Out of this activity Jones set up the International Committee in 1855 together with French, German and Polish groups. Its first meeting was addressed by the Russian revolutionary, Alexander Herzen, the French socialist Talandier, the Chartist leader Holyoake, and messages were read from Victor Hugo and Blanqui’s supporter Barbès.
Its aims were outlined as: ‘to protest against alliances with tyrants… to help the oppressed nationalities win their freedom; to proclaim and promote the sovereign rights of Labour, that uncrowned but only legitimate monarch of the world…
‘For us, nation is nothing, man is all. For us the oppressed nationalities form but one: the universal poor of every land, that struggle for life against the nation of the rich…
‘We begin tonight no mere crusade against an aristocracy. We are not here to pull one tyranny down only that another may live the stronger. We are against the tyranny of capital as well.’

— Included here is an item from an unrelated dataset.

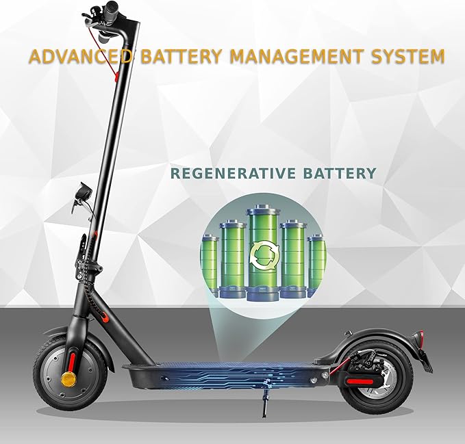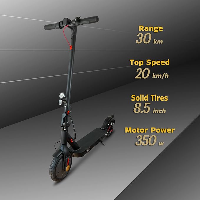 Pełne gumowe opony i podwójny układ zawieszenia – hulajnoga elektryczna ma 8,5-calowe opony z pełnej gumy, które są bardziej elastyczne i odporne na zużycie niż opony o strukturze plastra miodu. Podwójny układ zawieszenia tylnego koła zapewnia komfort i zapobiega przebiciu opon.

The International Committee held weekly meetings, and in August 1856 it joined with the French Communist Revolutionaries, the German Communist Workers’ Educational Association, and the Union of Polish Socialists to form an enlarged International Association. Its manifesto ‘To the Republicans, Democrats and Socialists of Europe’ rejected all alliances with the bourgeoisie in the name of ‘national liberation’ and called on workers to refuse to participate in the predatory war between France and Austria in 1859.
It was these overtly political and organisationally internationalist traditions of the Chartists which formed the progressive current in the British workers’ movement.
The retreat on these aspects within the dominant tradition of the British workers’ movement, towards national insularity and stress on ‘bread and butter’ issues, came about as a result of the pressure of imperialism.
The choice facing those seeking to renew the socialist left in this country is well summed up by the choice between these two traditions: the tradition of the Chartists or the tradition imposed by British imperialism.